Der frühere SPD-Chef Jochen Ott

  • Bei der Kommunalwahl 2020 hat die Kölner SPD überraschend gute Ergebnisse erzielt.
  • Andreas Kossiski hätte einen Neustart für die Partei bedeuten können, ist sich Jochen Ott sicher.
  • Wir haben mit dem früheren SPD-Chef über den Konflikt in der Fraktion, Ansprüche an die Grünen und Lehren aus seiner OB-Kandidatur gesprochen.

Köln – Herr Ott, die SPD hatte einen unerwarteten Achtungserfolg bei der Kommunalwahl – OB-Kandidat Andreas Kossiski ist in die Stichwahl gekommen, man stellt die zweitstärkste Fraktion. Am Ende kommt aber heraus, dass die SPD wahrscheinlich trotzdem keine wichtige Rolle im Stadtrat spielen wird. Wie konnte es soweit kommen?

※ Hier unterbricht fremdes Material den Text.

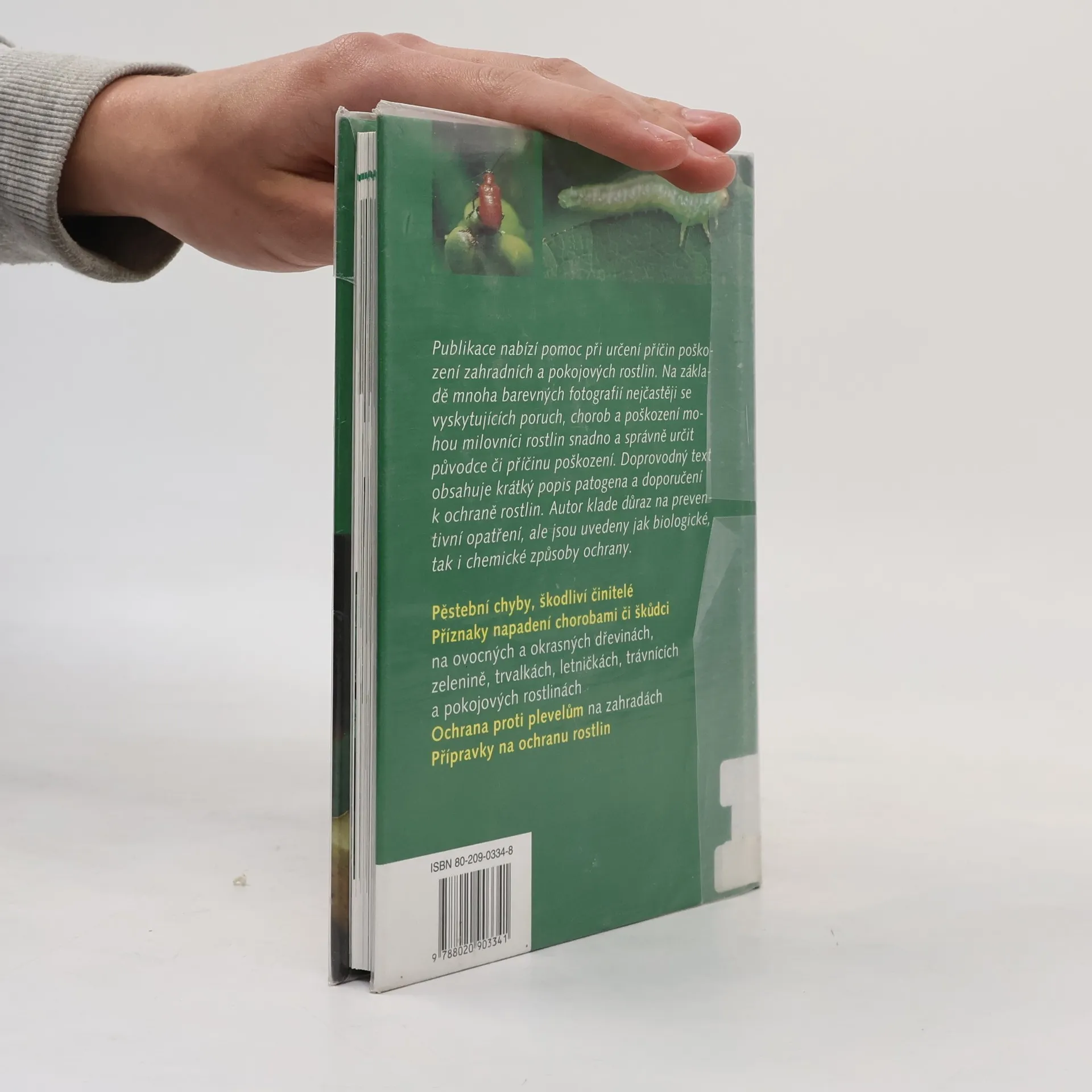Publikace nabízí pomoc při určení příčin poškození zahradních a pokojových rostlin. Na základě mnoha barevných fotografií nejčastěji se vyskytujících poruch, chorob a poškození mohou milovníci rostlin snadno a správně určit původce či příčinu poškození. Doprovodný text obsahuje krátký popis patogena a doporučení k ochraně rostlin. Autor klade důraz na preventivní opatření, ale jsou uvedeny jak biologické, tak i chemické způsoby ochrany. - Pěstební chyby, škodliví činitelé - Příznaky napadení chorobami či škůdci na ovocných a okrasných dřevinách, zelenině, trvalkách, letničkách, trávnících a pokojových rostlinách - Ochrana proti plevelům na zahradách - Přípravky na ochranu rostlin
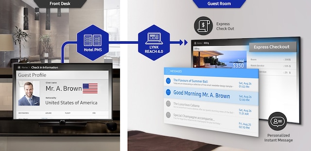 Samsungs innholdsplattform LYNK REACH 4.0 er kompatibel med eksisterende LAN, Wi-Fi og koaksiale infrastrukturer, og sentraliserer og effektiviserer det generelle vedlikeholdet for hotellet. Hotelledere kan nå løse problemer på tvers av enkeltskjermer eller grupper av skjermer før problemene eskalerer.
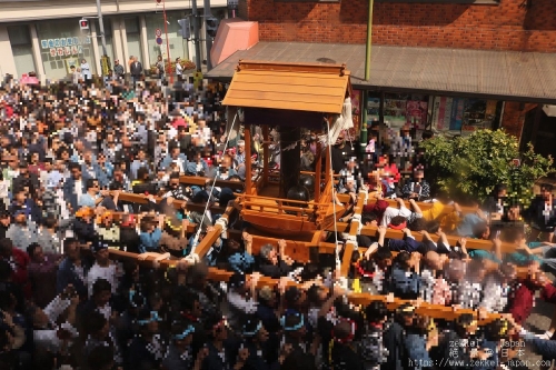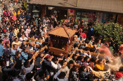 皆で掛け声を掛ける一体感と神輿を担ぐ人の熱気で見ているだけでも夢中になってしまいますが、神輿が練り歩く道は写真のように人で溢れますので、周りや足元の段差などに十分注意して下さい。
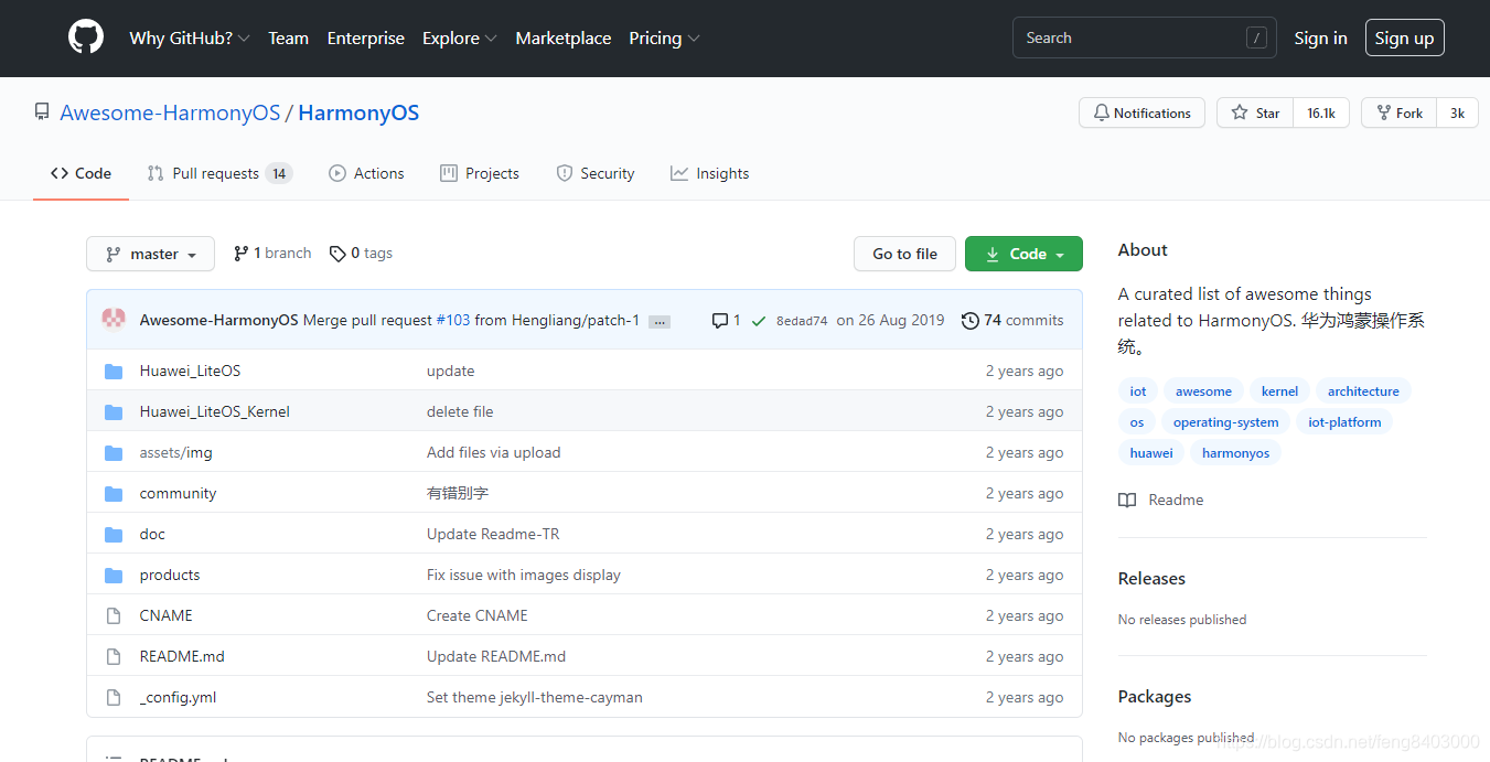 官方给的github下载地址:【https://github.com/Awesome-HarmonyOS/HarmonyOS】

Ob man überhaupt keine Rolle spielt, wird sich zeigen. Aber Andreas Kossiski hat etwas geschafft, was keiner für möglich gehalten hätte, auch ich nicht. Er hat mit seiner deutlichen und hemdsärmeligen Art die Leute begeistert. In der Öffentlichkeit versteht deshalb kein Mensch, warum der, der Oberbürgermeister werden sollte, nun keine Fraktion führen können soll.

War es falsch von Kossiski, direkt am Wahlabend klar zu sagen: Ich will den Fraktionsvorsitz übernehmen?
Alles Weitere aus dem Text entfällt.